TASK TO COMPLETE —
Using the records below, return exactly the lines from the one containing "在发帖环节,用户上传照片或视" through the last, and omit pictures.

Records excerpted from a collection:
= = = = =

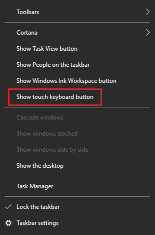 Show Touch Keyboard Button (تصویر شماره ۱) را فعال کنید. با فعال کردن این گزینه، آیکون کیبورد
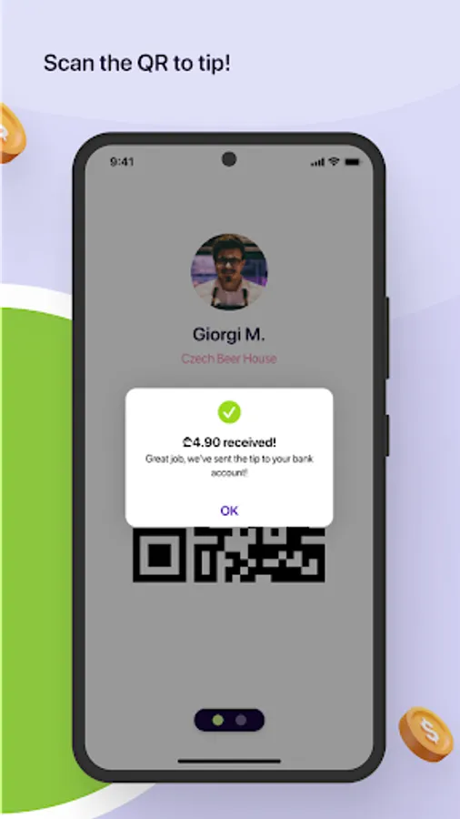 Receiving gratitude is even easier and just requires you to open an app and show the QR code to the customer.
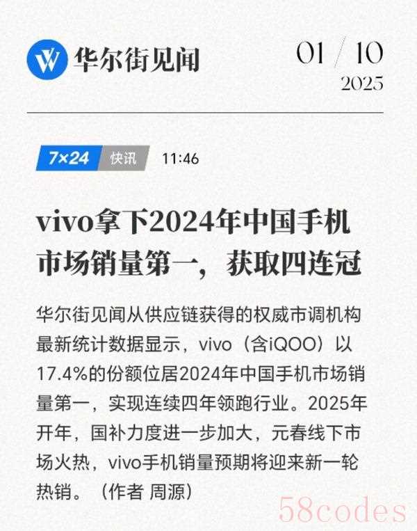 【CNMO科技消息】1月9日,CNMO获悉,根据权威市场调研机构的数据,vivo(含iQOO)在2024年全年以17.4%的市场份额夺得中国手机市场销量榜首,成为国内首个实现销量“四连冠”的手机品牌。随着2025年初国家补贴力度的增强,元旦至春节期间的线下市场热闹非凡,vivo手机销量预计将迎来新一轮的增长热潮。
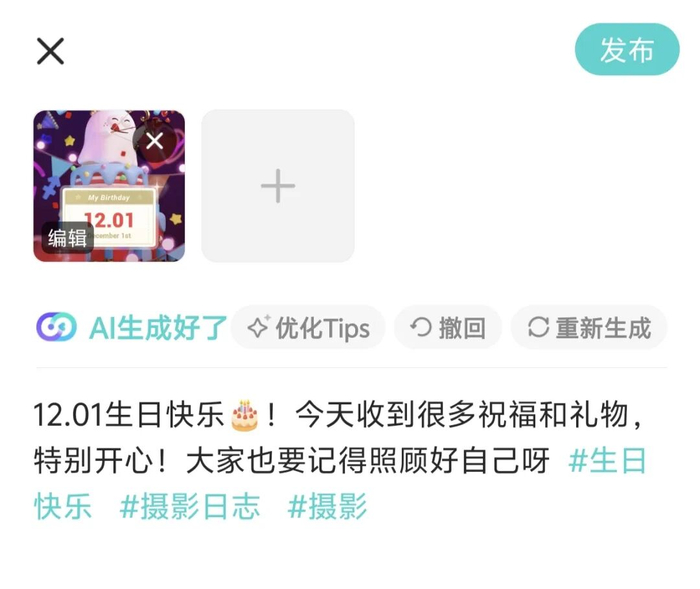 在发帖环节,用户上传照片或视频后,AI大模型会自动生成文案并且加上话题,如果不合适还支持优化tips、重新生成。
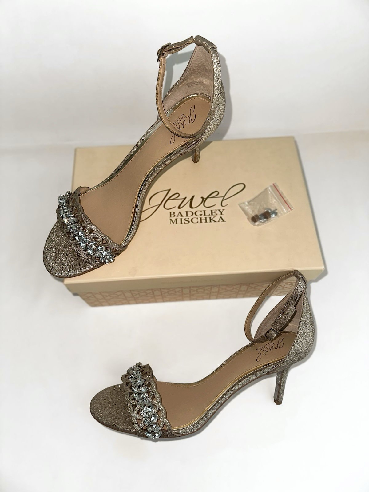 как выглядит JEWEL By Badgley Mischka Kirsten Embellished Laser Cut Glitter Sandals Gold 11M фото
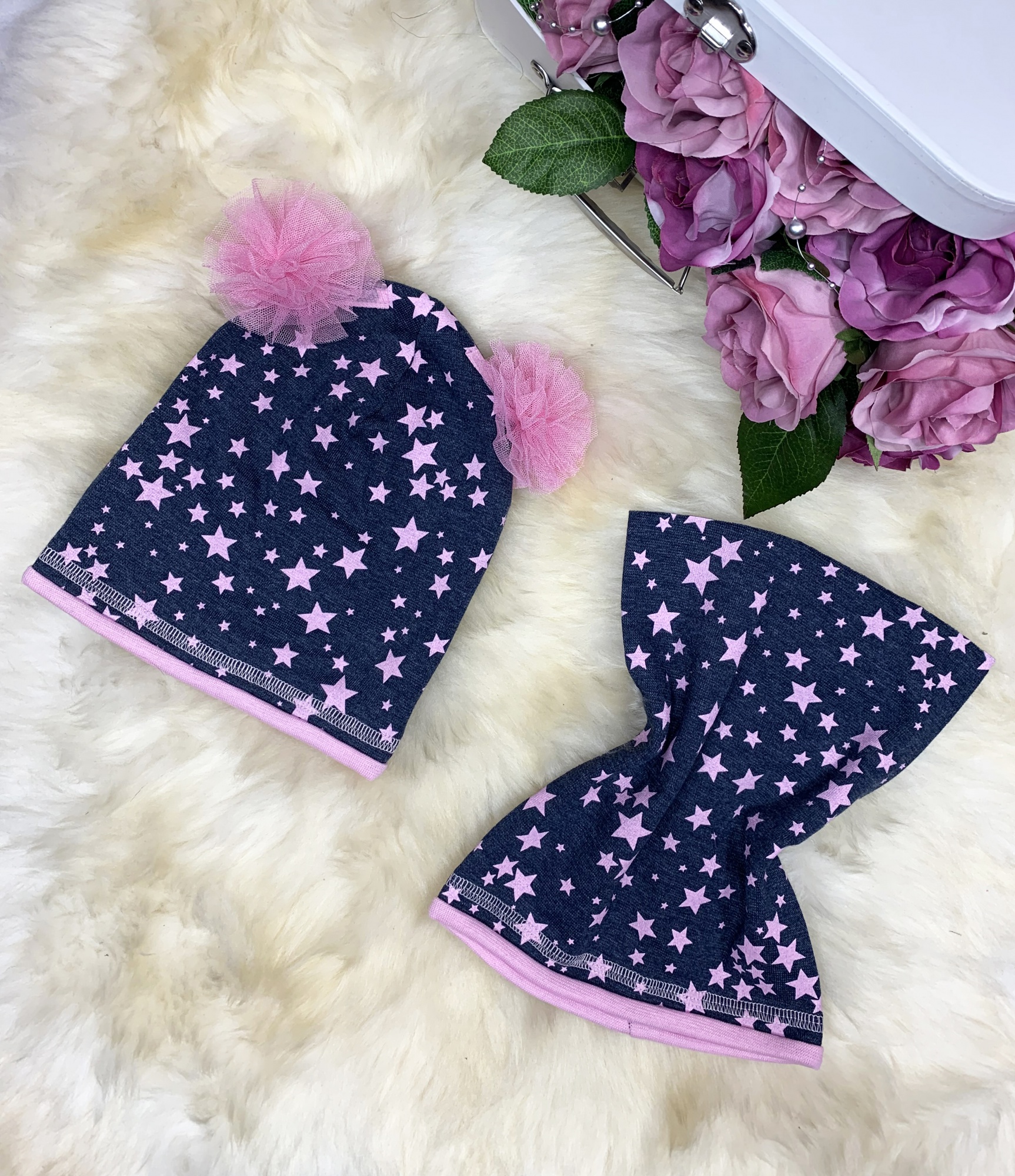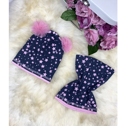Komplet Gwiazdki Czapka + Komin - Granat + Puder

= = = = =

OUTPUT BELOW —
 在发帖环节,用户上传照片或视频后,AI大模型会自动生成文案并且加上话题,如果不合适还支持优化tips、重新生成。
 как выглядит JEWEL By Badgley Mischka Kirsten Embellished Laser Cut Glitter Sandals Gold 11M фото
Komplet Gwiazdki Czapka + Komin - Granat + Puder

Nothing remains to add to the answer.